Creating rubber compounds is a highly complex process
Meeting every need
Every type of rubber used on conveyor belts has to meet a considerable list of basic requirements so each has to be made according to a very specific recipe. These always include the basic ability to resist abrasive wear, otherwise the surfaces will wear down too rapidly. The rubber will also need to meet specific minimum requirements in terms of tensile strength, elongation (stretch), hardness (Shore), and resistance against tearing (tear strength). The list does not end there because every type of rubber cover also has to be able to endure potentially sub-zero temperatures (usually at least minus 20 or 30 °C) and, at the other end of the scale, withstand maximum continuous material temperatures as high as 80 °C. Then of course, there is the ability of the rubber to resist the seriously damaging effects of ground level ozone and ultra violet light (both sunlight and fluorescent light). Both of these last two properties require special additives being part of the rubber compound ‘recipe’.

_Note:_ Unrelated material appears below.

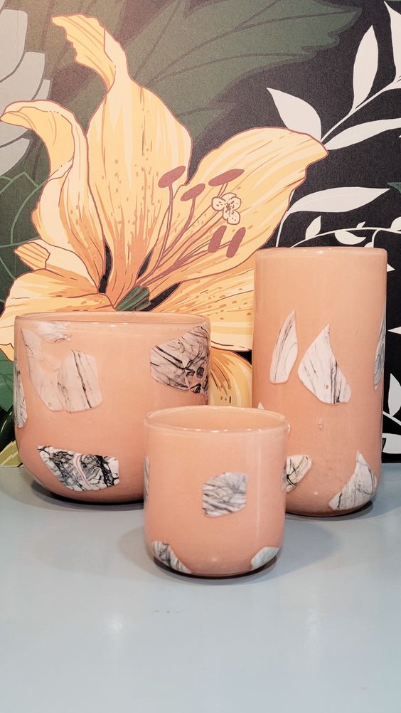 Introducing the Sumi Pot Collection, a trio of thick-walled glass containers that exude elegance and versatility. Each piece in the collection is a testament to the beauty of functional art, with a peach hue and marbling designs that add a touch of sophistication to any room. These pots are not only perfect for holding candles, casting a warm glow through their textured walls, but they also serve as charming flowerpots, bringing life and color to your space.

As I said, those are just the basic requirements. When you begin to include ‘specialist’ rubber covers such as resistance against the effects of oil, chemicals, fire, extreme heat (up to 400 °C), extreme cold (as low as minus 60 °C), high impact, ripping & tearing and the numerous combinations of those qualities for multi-purpose belts such as oil and fire resistant for example, then the permutations become mind blowing. Last but not least, the rubber needs to be able to form strong, reliable splice joints. Being able to consistently achieve all of these requirements so that every individual batch of rubber compound is exactly the same as the previous batch is unbelievably challenging. All of this has to be achieved during the mixing process.
The Dunlop mixing carousel
The mixing process
There are literally hundreds of different chemicals and ingredients used to make the huge variety of different rubber compounds that different conveyor applications demand. Perhaps the best analogy to use is that it is like making cakes that have to taste precisely the same every time. The mixing process is where all of the polymers, chemical additives, carbon black and zinc oxide are mixed together according to the specific recipe for the required rubber type. For accuracy and consistency, at Dunlop we use a highly advanced computerised, automated mixing carousel that places very precise measurements of each ingredient into biodegradable bags. These ingredients will be used to ultimately create a batch of compound weighing between 200-250kg.

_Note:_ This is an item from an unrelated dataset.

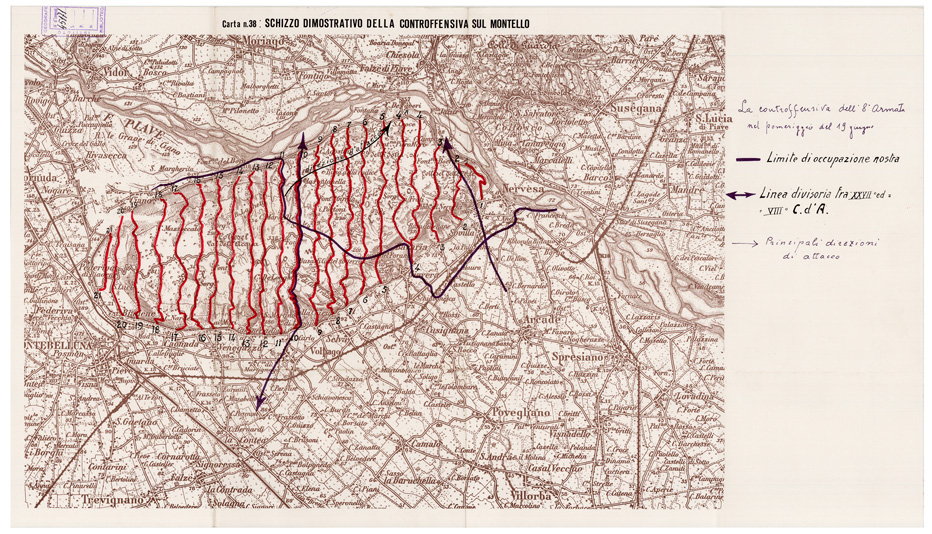 L'ESERCITO ITALIANO NELLA GRANDE GUERRA (1915-1918), Volume V, Le operazioni del 1918 - Tomo 1 ter, Gli avvenimenti dal gennaio al giugno (Carte e schizzi), N. inv. 45171 , Pos. 47-4-17. Carta n. 38: SCHIZZO DIMOSTRATIVO DELLA CONTROFFENSIVA SUL MONTELLO

Precise measurements of each ingredient in biodegradable bags are mixed and blended together
The ingredients are then placed into a ‘coarse mixer’ as the first step towards blending everything into one. The total mix is then transferred into a mill, which blends the rubber until it reaches an evenly distributed consistency.
Different ingredients react differently and many are extremely sensitive to permanent damage if the machine settings and particularly the temperatures during mixing, are not exactly right for them. For example, additives used to create the all-important self-extinguishing properties in fire resistant belts can become almost totally ineffective if not mixed in precisely the right conditions.
Two become one
For this reason, some compounds need to start the mixing process as separate batches of ingredients. For example, Batch A may contain 90% of all the ingredients and Batch B may contain the remaining 10% that need to be mixed under slightly different conditions. When cooking a meal, a chef would not throw all the ingredients into one pot and cook them for the same length of time at the same temperature and that same principle applies to making a complex rubber compound. After the initial mixing, the two batches are then mixed together to form the final batch. In all cases, regardless of rubber type, not only does the rubber compound have to possess all of the requisite physical properties and characteristics, it must also be able to undergo the further processes involved in making a conveyor belt, such as calendaring for example.
The calendering process
The calendaring process is where the rubber compound material, which has been pre-softened by heat, is placed into the center of counter-rotating rollers. The rollers compact the rubber into a sheet as it passes through them. The thickness of the resulting product is determined by the gap between the cylinders, called the nip region. The rubber sheet can then be joined with a carcass fabric layer. After the sheet passes over cooling rollers it is then spooled into a roll with special anti-stick fabric placed in between to stop the surfaces sticking to one another. These huge rolls of unvulcanised rubber are then ready to be made into conveyor belts.
Safe to handle
As I have already mentioned, there are literally hundreds of different components that are used to create the various rubber compounds, such as anti-degradants, anti-ozonants and also as accelerators (essential for the vulcanisation process for example). These components include primary amine–based sulfenamides, such as N-cyclohexyl-2-benzothiazole sulfenamide, and thiazoles, such as 2-mercaptobenzothiazole. It is an inescapable fact of life that to make some rubber compounds it is necessary to use chemicals that are extremely dangerous in their own right. Fortunately for us all, at least as far as Europe is concerned, there are very strong regulations in place to protect humans and the environment in the form of REACH (Registration, Evaluation and Authorisation of Chemical substances) regulation EC 1907/2006, which came into force in June 2007.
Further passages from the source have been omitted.